Resolving pointer associations that use the =>
operator is a little more involved. Firstly, pointers and targets must be declared in the Subroutine
specification, unlike an Associate
statement which declares new symbols. It would thus be wrong to think of a pointer association as having its own localised scope. Secondly, an associated pointer can be disassociated either by exiting the encompassing scope (i.e. exiting the Subroutine
), by using the
Nullify intrinsic or by assigning to NULL()
.
Therefore before we can apply the SubstituteExpressions
visitor to resolve pointer associations, we must first determine the range of nodes over which the pointer is valid. The best way to do so is to develop a bespoke visitor:
[8]:
from loki import Assignment
class FindPointerRange(FindNodes):
"""Visitor to find range of nodes over which pointer associations apply."""
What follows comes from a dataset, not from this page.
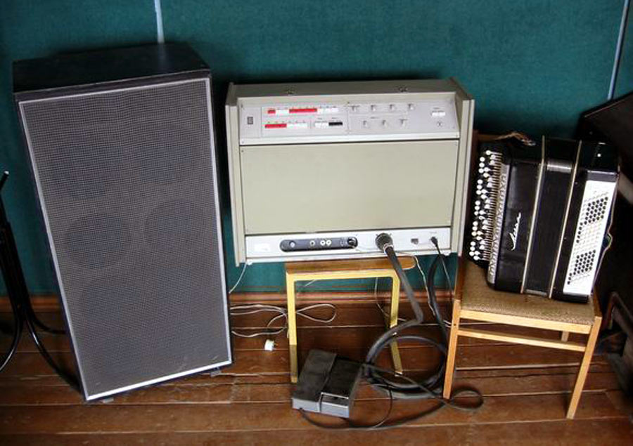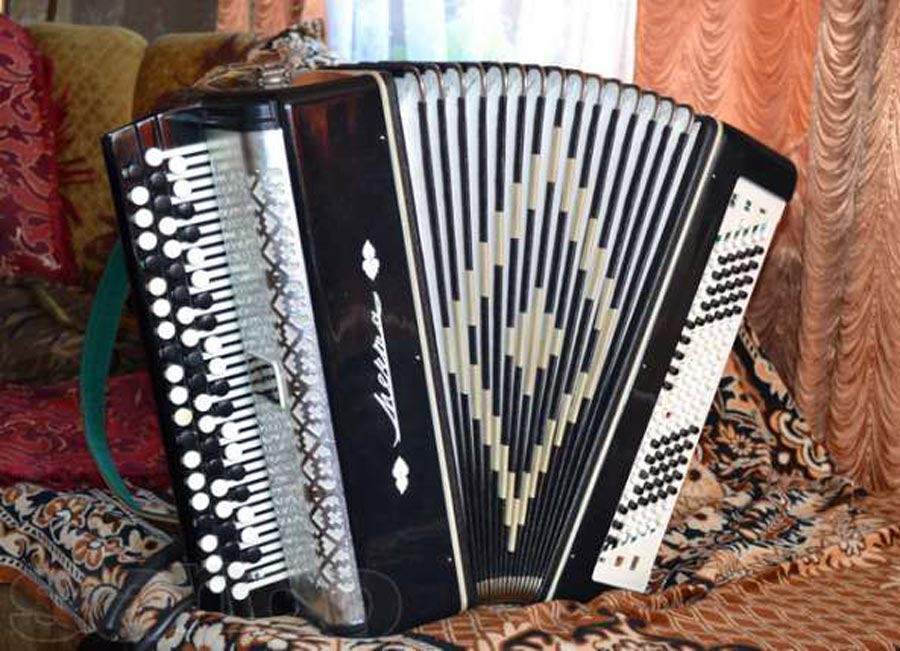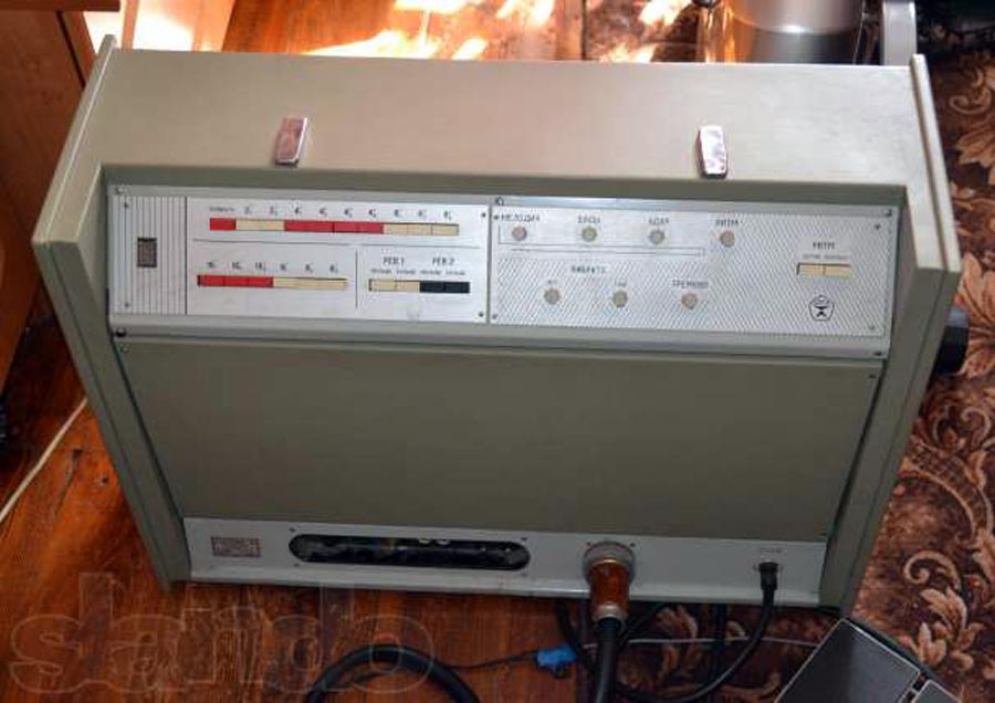 Электронный баян *Эстрадин-8Б* с 1971 года выпускал Житомирский завод *Электроизмеритель*. Баян построен на базе обычного механического баяна, имеющего 61 клавишу и 120 кнопок басов и готовых аккордов. Баян, у которого сохранены язычковые резонаторы, электрически соединен с электронным блоком и акустическими агрегатами. Сохранение свойста обычного баяна позволяет сохранить технику игры на нём и использовать соответствующую музыкальную литературу для обучения и исполнения произведений различных жанров. Кроме этого, возможно чередующееся и совместное звучание электронного и обычного голосов. Регулировки регистрами, тембрами, характером амплитудной огибающей звука и другими эффектами расположены на электронном блоке, а некоторые наиболее часто используемые органы управления, размещены непосредственно на баяне. Баян имеет: диапазон основных тонов 6,3 октавы (от фа контр-октавы до соль четвертой октавы); 5 октавных регистров в правой клавиатуре и 3 регистра в левой; частотное вибрато, регулируемое по глубине и частоте; музыкальные эффекты - тремоло, глиссандо, ударные, реверберацию, регулировку атаки, тутти-орган; выходную мощность 25 Вт. Размеры электронного блока 830x500x250 мм. Два акустических блока баяна содержат по четыре громкоговорителя типа 4ГД-28. Цена комплекта 1400 рублей. За годы выпуска было две модернизации блока и акустических агрегатов.
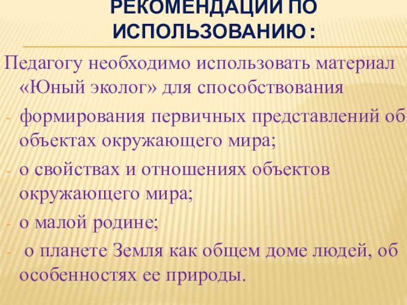 Педагогу необходимо использовать материал «Юный эколог» для способствования

def __init__(self, match, greedy=False):
super().__init__(match, mode='type', greedy=greedy)
self.rule = lambda match, o: o == match
self.stat = False
def visit_Assignment(self, o, **kwargs):
"""
Check for pointer assignment (=>). Also check if pointer is disassociated,
else add the node to the returned list.
"""
ret = kwargs.pop('ret', self.default_retval())
if self.rule(self.match, o):
assert not self.stat # we should only visit the pointer assignment node once
self.stat = True
elif self.match.lhs in findvarsnotdims(o.lhs) and 'null' in [v.name.lower for v in findvarsnotdims(o.rhs)]:
assert self.stat
self.stat = False
ret.append(o)
elif self.stat:
ret.append(o)
return ret or self.default_retval()
def visit_Nullify(self, o, **kwargs):
"""
Check if pointer is disassociated, else add the node to the returned list.
"""
ret = kwargs.pop('ret', self.default_retval())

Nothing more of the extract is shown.